The most time-consuming task involves coordination among subcontractors to stay on schedule and under budget , while maintaining the quality the construction industry requires. Weather also is a concern.

“Spring rain showers have created constant delays in construction, along with the having to rework areas that are affected by each day's rain events.

“As for the biggest challenges on the job, said Curry, “It would be constructing a hotel next door to an existing hotel in a busy college town, without disturbing the guests staying in the neighboring hotel. Also, this is a new hotel within the Hilton Brand portfolio, so the protoype is constantly changing as more Tru hotels are being constructed daily. Trying to constantly perfect this hotel as more open is also challenging.”

Blair Hildahl, LEED AP, principal with Base4 architectural firm, agreed that working with such a new brand can be tricky.

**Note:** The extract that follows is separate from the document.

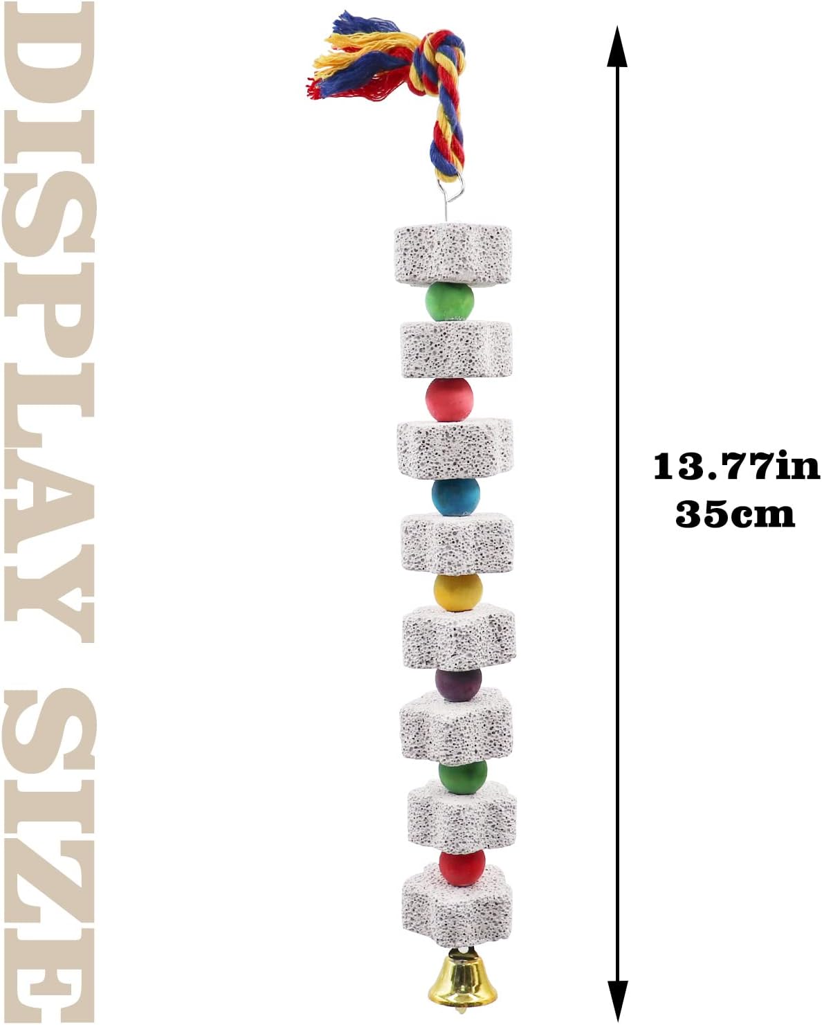 • 【Perfect Design】: The parakeet stone toy is polished into a star shape, which is both beautiful and more convenient for parrots to chew. The transition between the grinding stones is made by colorful beads, which can attract the attention of parrots on the one hand, and decorate your pet's cage on the other. There is a bell at the bottom of the bird's chew toy, which will emit a pleasant ringing sound when the bird pecks.

“While Hilton has been a longstanding player in the hotel franchise world, Tru by Hilton was released just over a year ago. This Auburn project will be one of the first ever built. This is, of course, is very exciting for us and the owners group, but can also lead to some challenges that we wouldn't see in a typical Hilton design.

“Anytime you're working with a brand new flag, there are always 'bugs' that need to be worked out in the original design concept. While Hilton does a very good job of vetting the new designs, there are still always going to be small glitches in the original concept that are discovered via the design process that need to be altered. Another challenge has also been providing accurate construction pricing numbers. There are really no projects to use for reference pricing, so developers are going in a bit blind in this regard.

“Right now, there is a lot of demand across the country for campus and university hotels. Many of our clients have been targeting college town sites for new developments for this reason. When evaluating hotel sites in these types of locations, a developer must consider several main factors including location of site to campus, target demographic, size of athletic program, competitors in the marketplace, etc. Many of these items are summarized in an in-depth feasibility study and often times a select-service hotel, like Tru by Hilton, are often the best fit.

“While older, longstanding hotels on campuses are often independent of a brand, this isn't the case with newer campus developments. Typically, developers and universities alike are seeking brand affiliation to ensure brand standards and to become a part of their coveted reservations and loyalty programs.

Hildahl noted that while the brand's vibrant colors, modern décor and smaller guestrooms may seem better fitted to the millennial mindset, Hilton's intent is to attract travelers who span all generations, but share a similar mindset.

“The design intent for the Tru by Hilton brand is founded in three key values – fun, fresh and functional. Ultimately, this is a hotel brand that's simplified and grounded in value, while still being bold and spirited in design,” Hildahl said.

“We are really excited about the first floor common space, which Hilton has dubbed 'The Hive'. Rather than just a lobby, this will be more of a 2,800 square foot experience. This area includes several open multi-function areas with moveable furniture and social areas.”

Hildahl said the hotel will include a number of sustainable design elements.

“The IECC (International Energy Conservation Code) has become stricter and stricter every year. This code has forced all hotel developers to include sustainable design measures in their new development projects.”

These will include LED lighting and high efficiency HVAC units, as well as a high-efficiency hot water system, which will offer savings on the utility costs.

He added, “Working with Rinkesh Patel and Mitesh Patel at RAM Hotels is always very rewarding. They're experienced developers who know the hotel industry very well. We are also very excited to be a big part of the new Tru by Hilton trend. We are eager to see all these new Tru projects come to the life in the next 12 months, as they begin construction.”

Tru by Hilton currently has more than 10 hotels under construction. The Auburn facility is expected to be completed by February 2018.